Introduction

The coronavirus disease has had an unprecedented negative impact on the societies and on the economies worldwide in modern times, and the Arab countries were no exception. In fact, currently, it is estimated that these countries may lose around 42 billion dollars and that their unemployment rates could rise by an average of 1.2 percent according to the World Health Organization in their recent report (WHO 2021). But unlike the other North African Arab countries, the Arabian Gulf region has enough resources and wealth to deal with the economic and the social issues triggered by the pandemic. For instance, Saudi Arabia is expected to have a 13 billion dollar plan to support small and medium enterprises. Similarly, the UAE announced a sizeable 27 billion dollar plan to stir their economy and Qatar will put forward a 23 billion dollar package to help their economy private sector. But although the numbers of new cases and deaths have shown a tendency to decline recently in some Gulf countries, most likely because of successful government interventions in providing COVID-19 vaccination earlier that many other countries in the region, the pandemic effects are still being felt by many people and more lives are still being lost as shown in Table 1.

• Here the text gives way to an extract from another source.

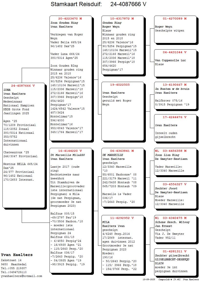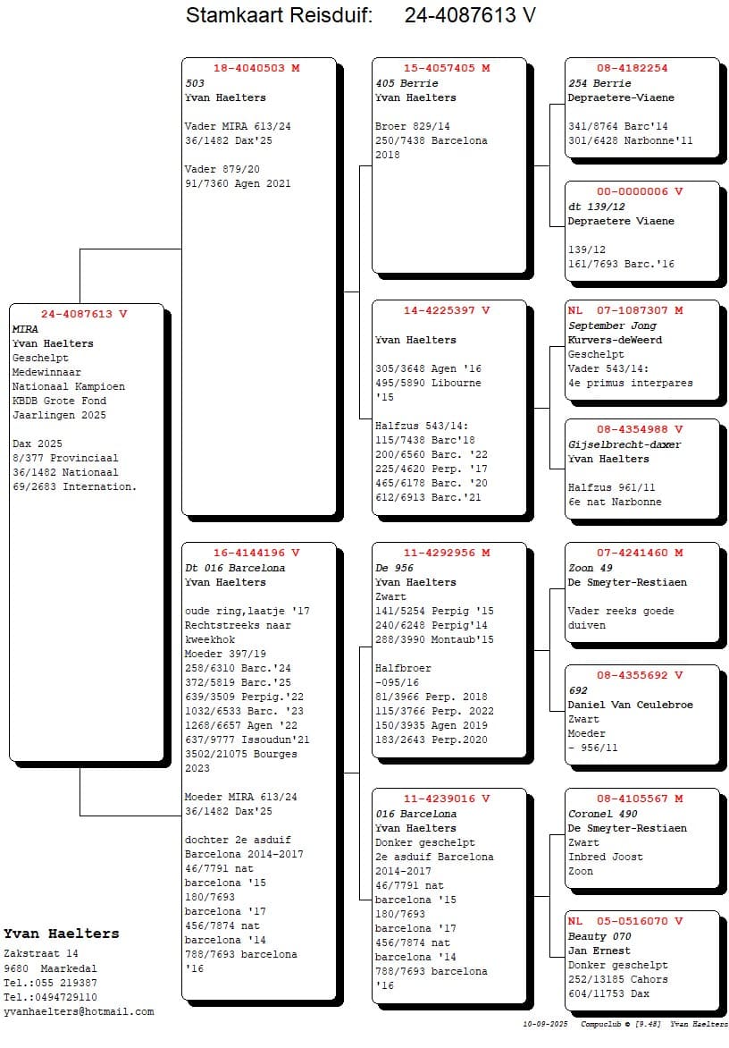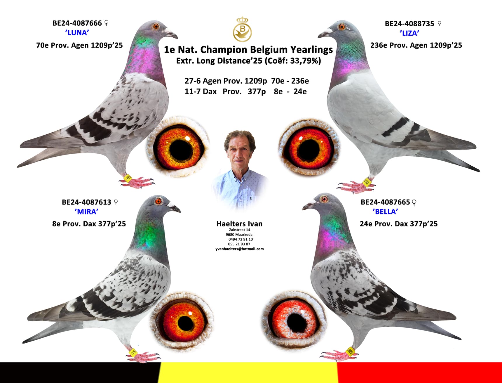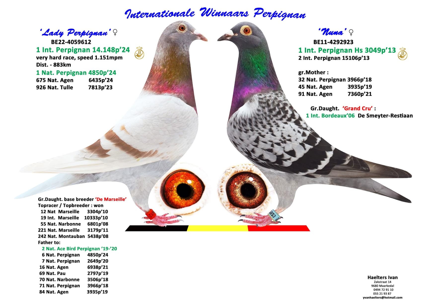 Accouplée à Mira, elle était également en période de reproduction. Elle s'est classée parmi les 100 meilleures au niveau national. Du côté paternel, sa lignée est un fils de Gouden Ring Waasland de Roger Weyn (également propriétaire des pigeons d'Yvan), accouplé à une fille de Marseille (12e national Marseille), elle-même accouplée à Milo (4e national Perpignan). Une lignée riche de pigeons champions nationaux, chacun ayant prouvé sa capacité à briller dans les compétitions les plus exigeantes.

Table 1 COVID-19 statistics in the Arab Gulf countries (2020/03/24–2021/05/20)

The main question being investigated in this study is related to which methods provide more accurate forecasts of daily coronavirus infections and how do these methods perform when health surveillance records fluctuate considerably. Providing accurate predictions of future trajectories of the spread of the disease could help health officials to implement appropriate, measured, and efficient policies and protocols that may result in reducing the spread of the virus and the number of infections and deaths. This paper makes a contribution to identify the best statistical methods in infectious disease modeling when daily records are subject to abrupt changes. Two statistical methods of forecasting are investigated in this paper. Studies have shown that these models can produce accurate predictions in several epidemiologic applications related to the coronavirus pandemic as shown in Zoabi et al. (2021), Marzouk et al. (2021), Khan et al. (2021), Watson et al. (2021), Ardabili et al. (2020), Sujath et al. (2020). In addition, several statistical and mathematical methods have been suggested in the literature recently to model and to forecast pandemic infections and deaths. For instance, Appadu et al. (2021) used Euler’ iterative method and cubic spline interpolation to predict the number of COVID-19 infections in South Korea, India, South Africa, Germany, and Italy. Khedhiri (2021) compared the statistical performances of generalized count-data models and zero-inflated models in predicting coronavirus deaths when surveillance data include excess zero counts. Ramazi et al. (2021) designed an adaptive learner based on machine learning techniques and showed that their model produces accurate long-range predictions of COVID-19-related deaths in the US. Rahimi et al. (2021) reviewed some of these methods and their applications, and a recent survey on most popular forecasting models for the coronavirus disease can be found in Shinde et al. (2020).

In this study, we perform an empirical analysis to assess the performance of two alternative methods for short run forecasting of COVID-19 infections in some countries of the Middle East.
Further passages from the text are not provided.